Make reversable decisions

Frequently we're faced with a decision where blindly following the principle of decide as late as possible might make our lives more painful. Sometimes we can make a choice that's easy to unmake.

Following on the recent theme of responding to real options, today I want to talk about making reversable decisions.

Frequently we’re faced with a decision, and if we blindly follow the Lean software development principle of decide as late as possible, we might make our lives more painful. Sometimes there’s a choice we can make that’s easy to unmake.

In yesterday’s example of lane changing, this is pretty clear. If we’re in the right lane, and want to pass, we aren’t committed to stay in the right lane. Normally we can change to the left lane to pass, and then return to the right lane if we choose to (even without having passed, if necessary).

I’ve seen far too many developers and entire teams stress out over decisions that are easily changed.

Here’s one only slightly-technical example from my time working with Lana.
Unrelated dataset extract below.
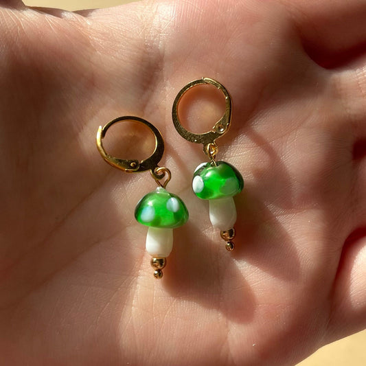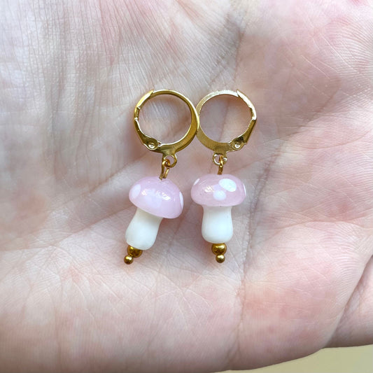 Glass mushroom huggie hoop earrings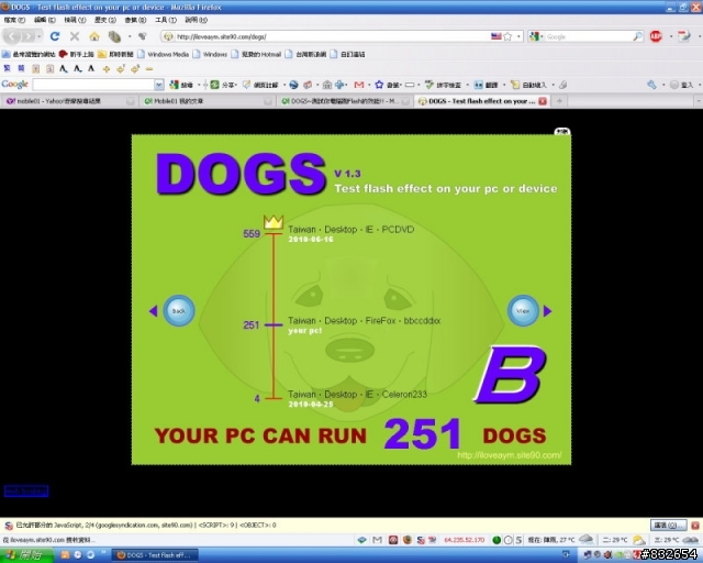 alan0099 wrote:應該沒人比我低吧 8...(恕刪) 恭喜你不是墊底的了59隻Athlon 超頻至1900+ 時脈1.61 記憶體1.5g 512mb拿來作RAMDISK果然跑不動FLASH 玩個線上小遊戲都會LAG...

When I first met Lana and their development team, they didn’t have any bug tracker or issue tracker in place. We knew we needed something. Some of the people at Lana wanted to do a weeks-long investigation comparing Jira with Clubhouse, and several other options. Of course there’s nothing wrong with doing a thorough investigation. But we didn’t want to wait weeks to start seeing the benefit.

So I quickly made an easily-reversable decision for the team: Use GitHub issues

So the team began using GitHub issues, and immediately we saw a benefit from greater visibility into the work being done by everyone on the team.

A couple of months later, after a more complete investigation, the team did reverse the decision, and switched to another ticket tracking system.